The exact cause of NAFLD/NASH is not clear yet, and it is almost not the same in every patient. It is can be linked to insulin resistance, obesity and the metabolic syndrome, some drugs like tamoxifen, amiodarone and aspirin, genetics and excessive consumption of soft drinks rich in fructose [3] [4] .

While most literatures agree that NAFLD/NASH is just the hepatic expression of abdominal obesity, type 2 diabetes and insulin resistance, few studies have examined NAFLD in lean populations. Although Asians are less obese than Western people, the prevalence of NAFLD and metabolic syndrome is not lower. Fourteen Studies in the accident populations, liver histology performed for liver donors and automobile crash victims, have roughly found hepatic steatosis in 15% of lean subjects, as opposed to 65% and 85% in obese and morbidly obese, respectively [5] . The reality of developing countries seems to be different, with a recent study in India showing that in a rural population with low prevalence of NAFLD, 75% of NAFLD patients had a body mass index lower than 25 kg/m2 and 54% had neither overweight nor abdominal obesity [6] .

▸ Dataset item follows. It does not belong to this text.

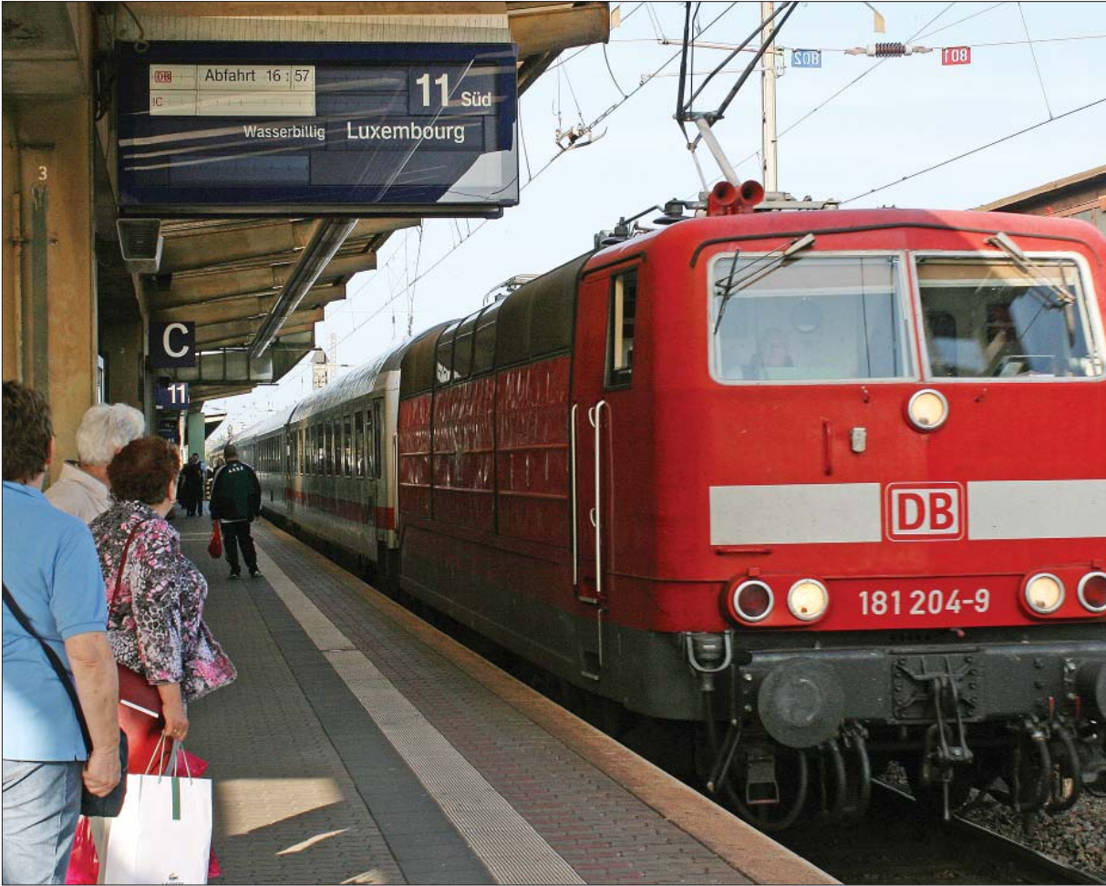
IC-Station Trier. Zweimal täglich hält derzeit noch ein Fernzug im Trierer Hauptbahnhof. So ist eine umsteigefreie Verbindung aus Düsseldorf, dem Ruhrgebiet und weiter nach Luxemburg möglich.

Stadtrat protestiert gegen Pläne zur Streichung der Fernzüge von und nach Trier

Obesity and the metabolic syndrome have been found to be associated with disturbances in the gut bacterial flora. Gut bacteria can induce a higher extraction of energy from diet and change whole-body lipid metabolism shifting it from oxidation to production. NAFLD has been associated with small intestinal bacterial overgrowth and increased intestinal permeability [7] [8] that can result in an increase in endotoxin, lipopolysaccharide (LPS) and absorption from gut. Therefore, the possibility that intestinal bacterial products contribute to hepatic TNF-α induction in human NASH has not been excluded. The role of gut bacteria in human NASH pathogenesis is supported by the results of a recent study which found improvement in liver enzymes in NASH patients treated with oral probiotics [9] .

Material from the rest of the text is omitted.